Task details:
Each line from the one containing "山東省菏澤市重污染天氣應(y" to the end of the material below is to be restated exactly, with pictures skipped.

Data provided:
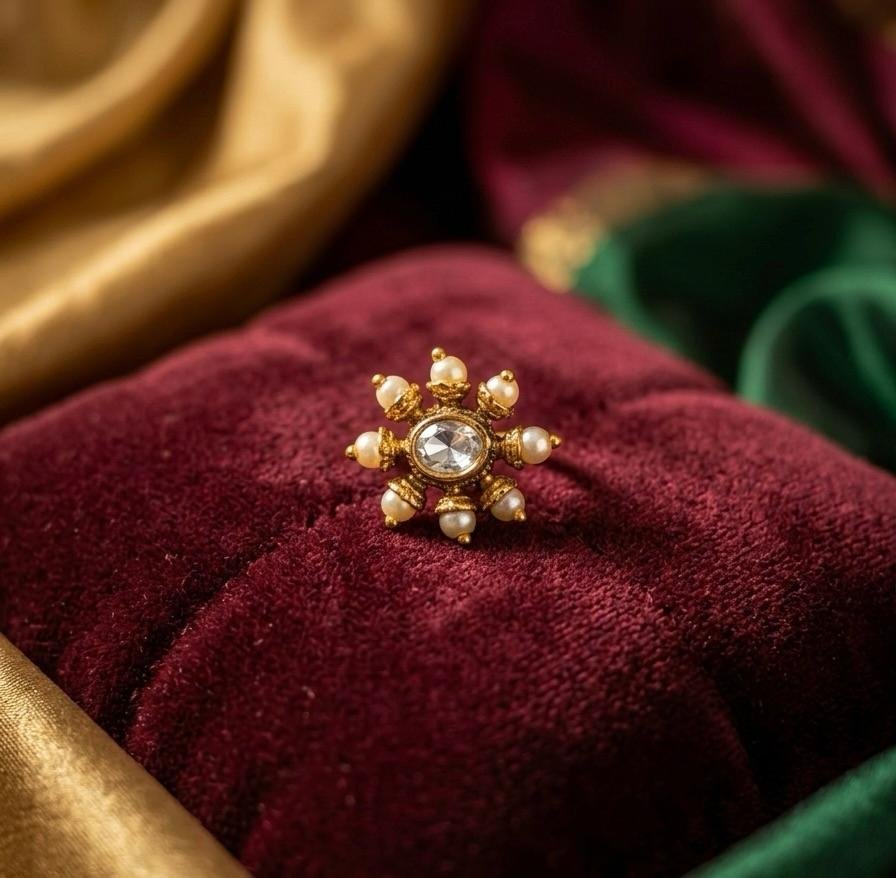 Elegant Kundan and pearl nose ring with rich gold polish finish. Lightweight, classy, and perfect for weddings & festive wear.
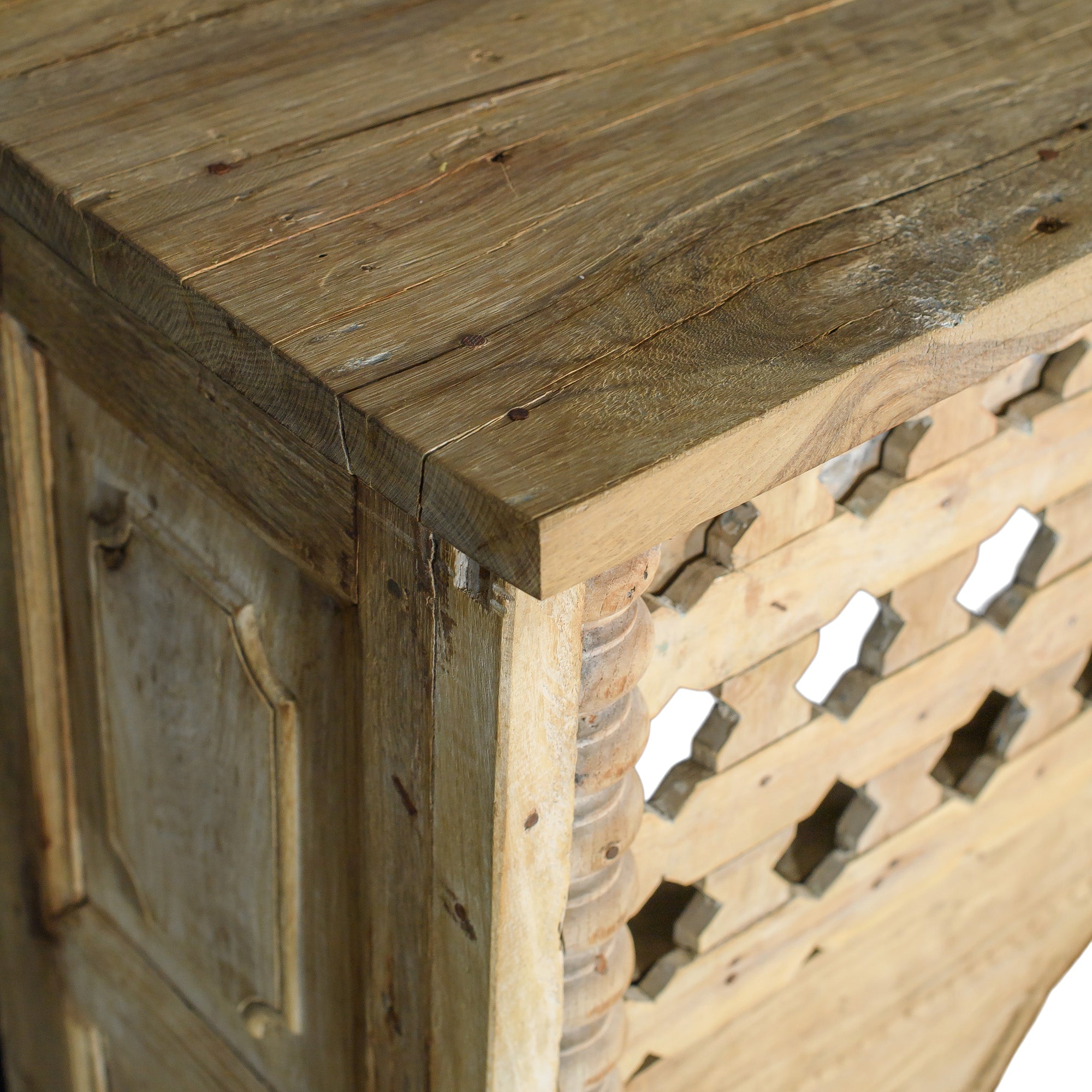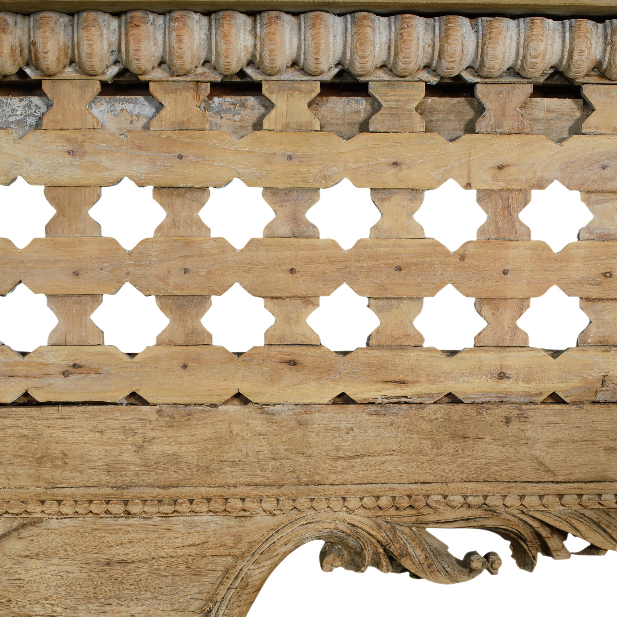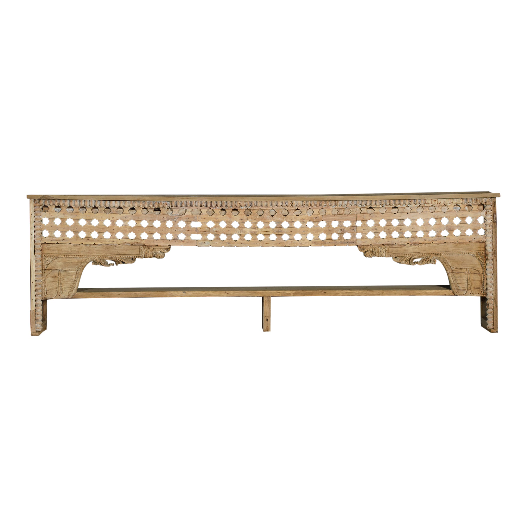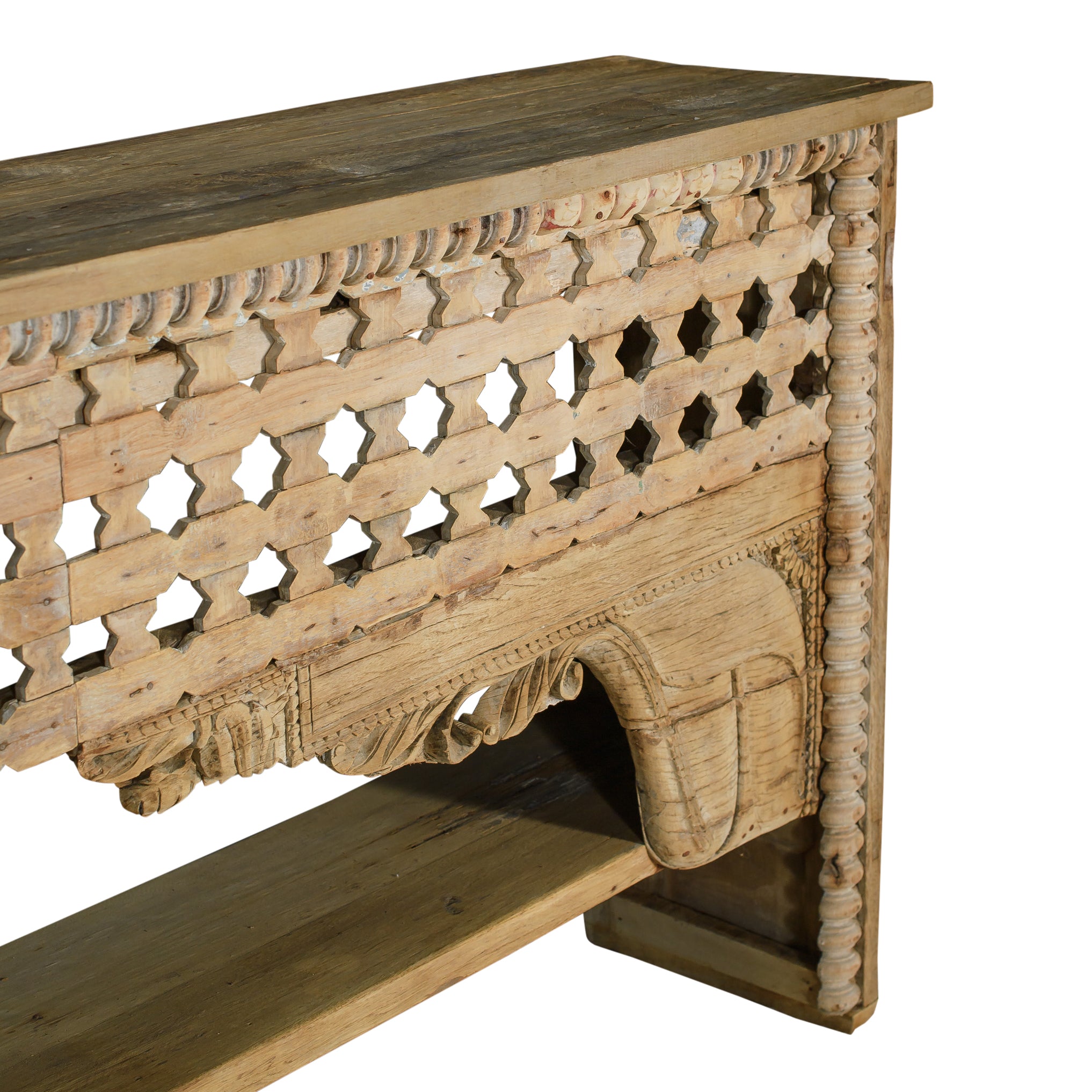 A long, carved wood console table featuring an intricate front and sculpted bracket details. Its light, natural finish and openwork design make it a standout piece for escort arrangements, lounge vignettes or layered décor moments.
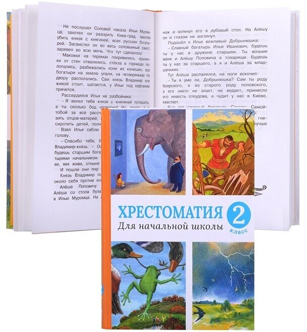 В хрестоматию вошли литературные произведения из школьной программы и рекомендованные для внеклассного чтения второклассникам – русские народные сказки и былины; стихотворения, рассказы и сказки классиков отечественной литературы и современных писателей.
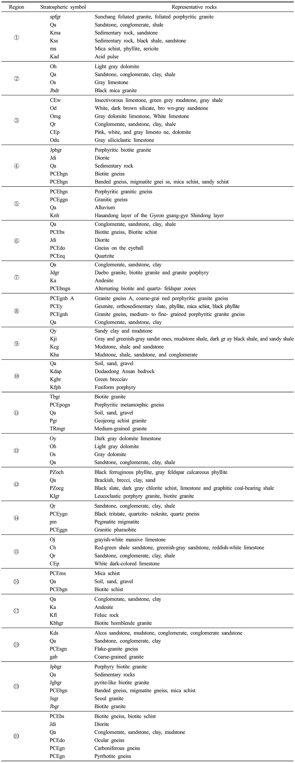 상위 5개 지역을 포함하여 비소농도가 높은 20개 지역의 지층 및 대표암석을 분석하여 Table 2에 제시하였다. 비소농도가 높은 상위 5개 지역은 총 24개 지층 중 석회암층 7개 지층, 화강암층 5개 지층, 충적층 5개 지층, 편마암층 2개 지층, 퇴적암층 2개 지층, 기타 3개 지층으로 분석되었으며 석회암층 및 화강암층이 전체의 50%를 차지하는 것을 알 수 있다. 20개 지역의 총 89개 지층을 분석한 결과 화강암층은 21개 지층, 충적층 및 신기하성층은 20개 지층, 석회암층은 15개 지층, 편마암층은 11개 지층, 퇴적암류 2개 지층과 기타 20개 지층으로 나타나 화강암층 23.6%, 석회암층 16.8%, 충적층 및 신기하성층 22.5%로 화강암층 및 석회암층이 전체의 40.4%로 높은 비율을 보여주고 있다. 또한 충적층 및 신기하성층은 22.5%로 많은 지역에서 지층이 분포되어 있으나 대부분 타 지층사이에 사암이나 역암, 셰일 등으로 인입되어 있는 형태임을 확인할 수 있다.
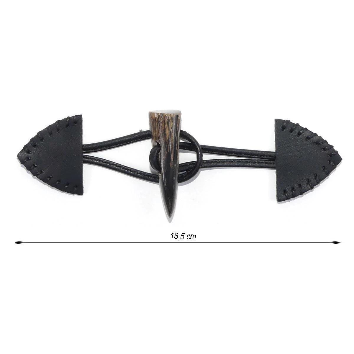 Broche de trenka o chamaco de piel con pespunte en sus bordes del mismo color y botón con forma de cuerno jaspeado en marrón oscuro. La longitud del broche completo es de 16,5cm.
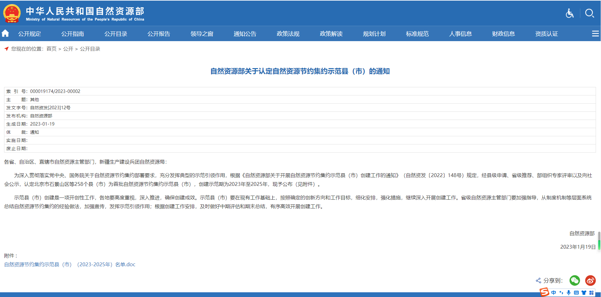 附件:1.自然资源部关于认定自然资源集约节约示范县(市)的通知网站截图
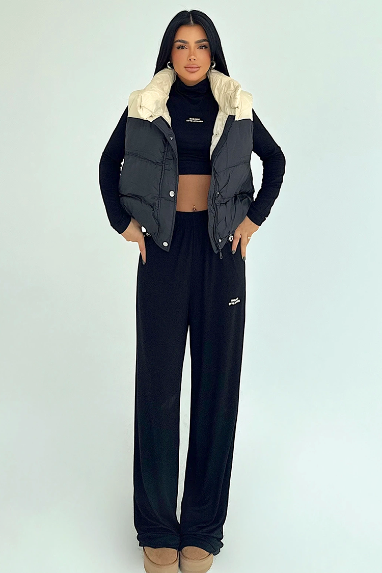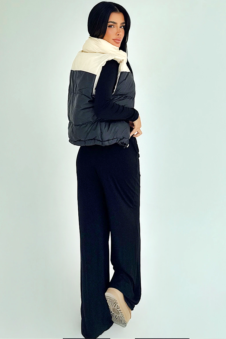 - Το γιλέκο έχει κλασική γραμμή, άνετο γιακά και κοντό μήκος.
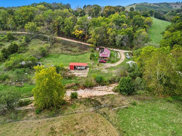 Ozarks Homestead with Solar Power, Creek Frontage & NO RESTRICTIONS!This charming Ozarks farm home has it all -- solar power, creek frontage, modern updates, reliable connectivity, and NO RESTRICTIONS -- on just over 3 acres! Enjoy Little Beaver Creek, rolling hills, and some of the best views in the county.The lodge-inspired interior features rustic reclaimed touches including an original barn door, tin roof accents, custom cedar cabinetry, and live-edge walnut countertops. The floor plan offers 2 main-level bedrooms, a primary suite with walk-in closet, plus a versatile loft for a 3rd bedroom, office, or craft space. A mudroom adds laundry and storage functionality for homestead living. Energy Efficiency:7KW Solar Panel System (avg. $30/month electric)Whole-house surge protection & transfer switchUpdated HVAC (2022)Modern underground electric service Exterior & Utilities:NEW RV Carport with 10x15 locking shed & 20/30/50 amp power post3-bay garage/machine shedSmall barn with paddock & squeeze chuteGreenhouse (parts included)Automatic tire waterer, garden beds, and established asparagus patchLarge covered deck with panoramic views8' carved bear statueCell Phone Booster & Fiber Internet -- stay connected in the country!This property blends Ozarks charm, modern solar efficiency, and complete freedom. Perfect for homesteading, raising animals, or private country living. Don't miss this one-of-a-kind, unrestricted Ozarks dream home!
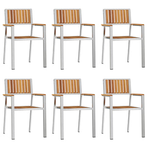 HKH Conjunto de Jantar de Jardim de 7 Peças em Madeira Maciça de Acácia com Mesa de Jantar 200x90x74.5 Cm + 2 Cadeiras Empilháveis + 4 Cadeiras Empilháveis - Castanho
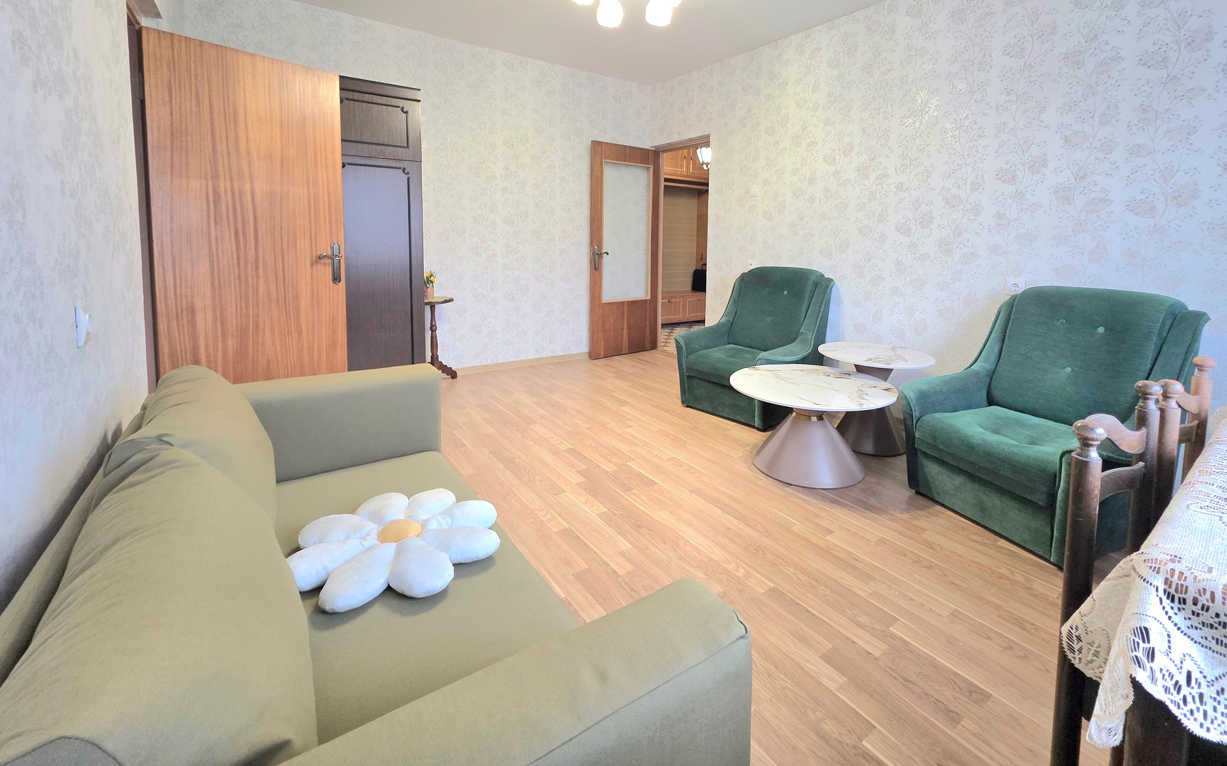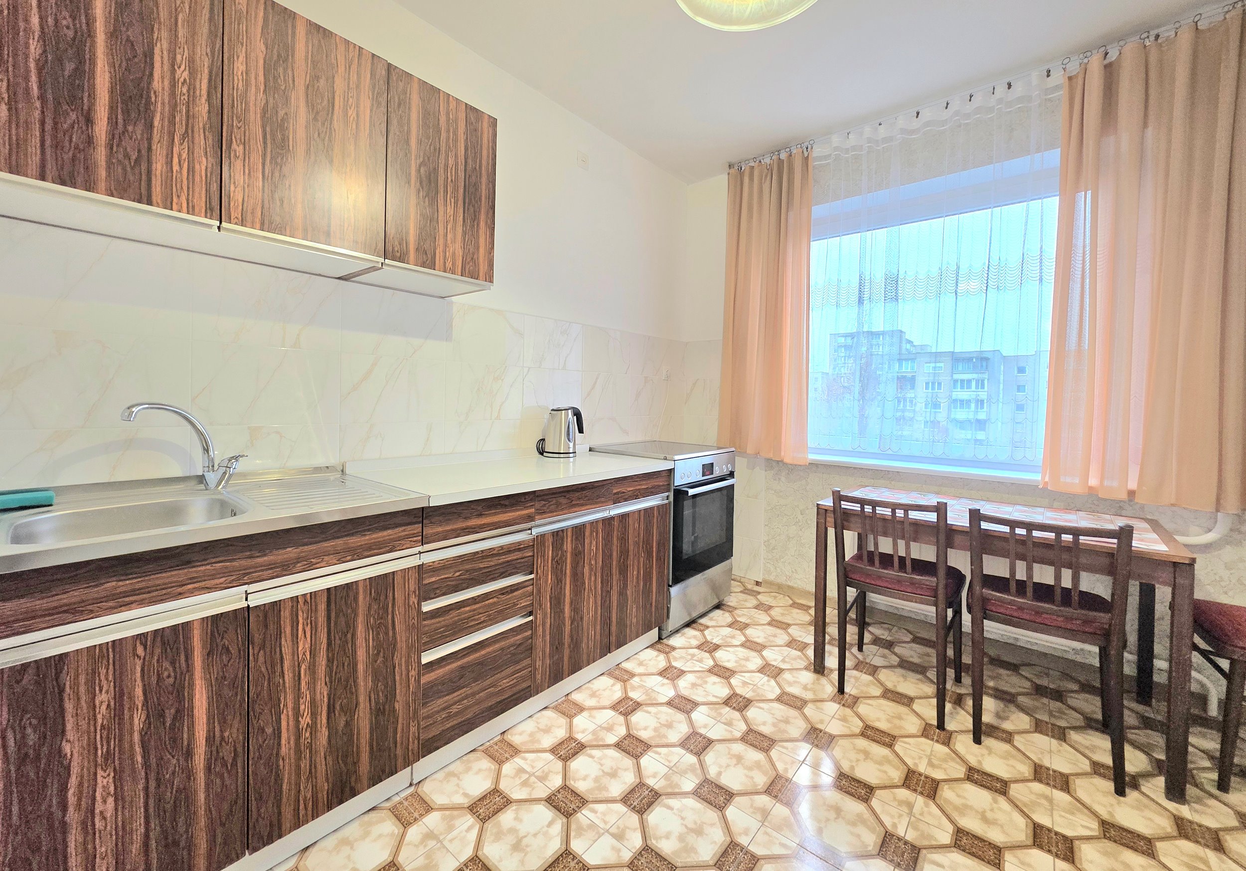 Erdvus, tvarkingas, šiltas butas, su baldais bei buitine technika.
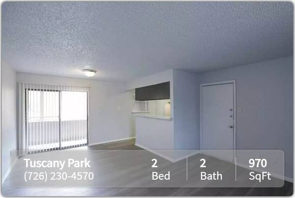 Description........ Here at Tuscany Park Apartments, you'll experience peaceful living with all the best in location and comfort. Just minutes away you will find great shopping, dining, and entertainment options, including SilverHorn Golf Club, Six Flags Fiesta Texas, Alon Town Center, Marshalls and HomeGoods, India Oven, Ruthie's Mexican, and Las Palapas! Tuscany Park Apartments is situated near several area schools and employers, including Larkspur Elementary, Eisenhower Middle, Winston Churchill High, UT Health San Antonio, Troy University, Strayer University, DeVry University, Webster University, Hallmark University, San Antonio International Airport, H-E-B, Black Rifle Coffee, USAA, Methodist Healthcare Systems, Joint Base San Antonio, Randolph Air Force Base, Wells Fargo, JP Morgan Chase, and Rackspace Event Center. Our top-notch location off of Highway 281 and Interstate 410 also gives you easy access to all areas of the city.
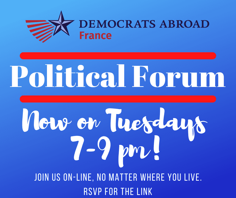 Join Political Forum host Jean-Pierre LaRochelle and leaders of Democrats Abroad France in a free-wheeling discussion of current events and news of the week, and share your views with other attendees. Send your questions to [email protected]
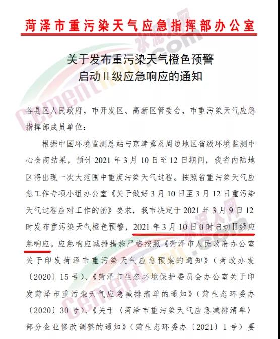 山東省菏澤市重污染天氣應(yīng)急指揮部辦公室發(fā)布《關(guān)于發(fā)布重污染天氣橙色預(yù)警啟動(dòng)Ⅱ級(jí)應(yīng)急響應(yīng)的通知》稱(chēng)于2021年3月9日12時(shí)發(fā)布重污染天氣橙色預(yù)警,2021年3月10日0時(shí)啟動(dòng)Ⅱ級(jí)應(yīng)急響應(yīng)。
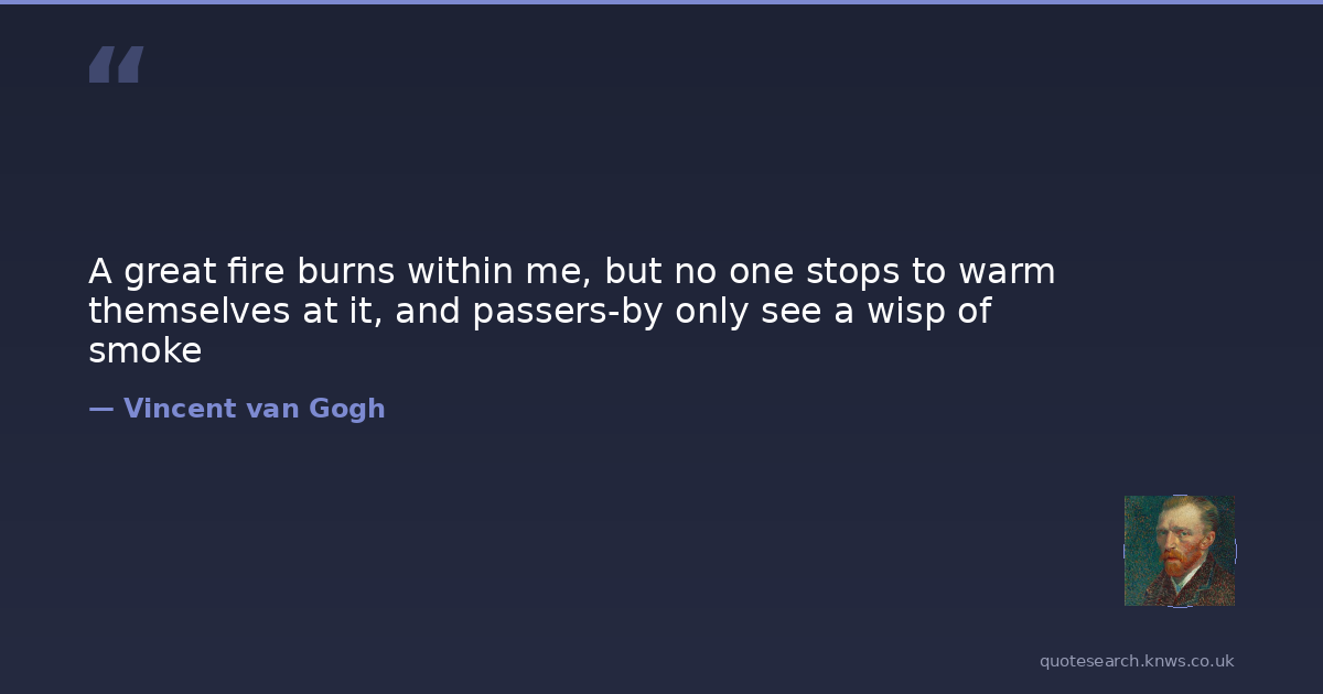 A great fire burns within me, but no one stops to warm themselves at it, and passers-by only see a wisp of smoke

Written solution:
 山東省菏澤市重污染天氣應(yīng)急指揮部辦公室發(fā)布《關(guān)于發(fā)布重污染天氣橙色預(yù)警啟動(dòng)Ⅱ級(jí)應(yīng)急響應(yīng)的通知》稱(chēng)于2021年3月9日12時(shí)發(fā)布重污染天氣橙色預(yù)警,2021年3月10日0時(shí)啟動(dòng)Ⅱ級(jí)應(yīng)急響應(yīng)。
 A great fire burns within me, but no one stops to warm themselves at it, and passers-by only see a wisp of smoke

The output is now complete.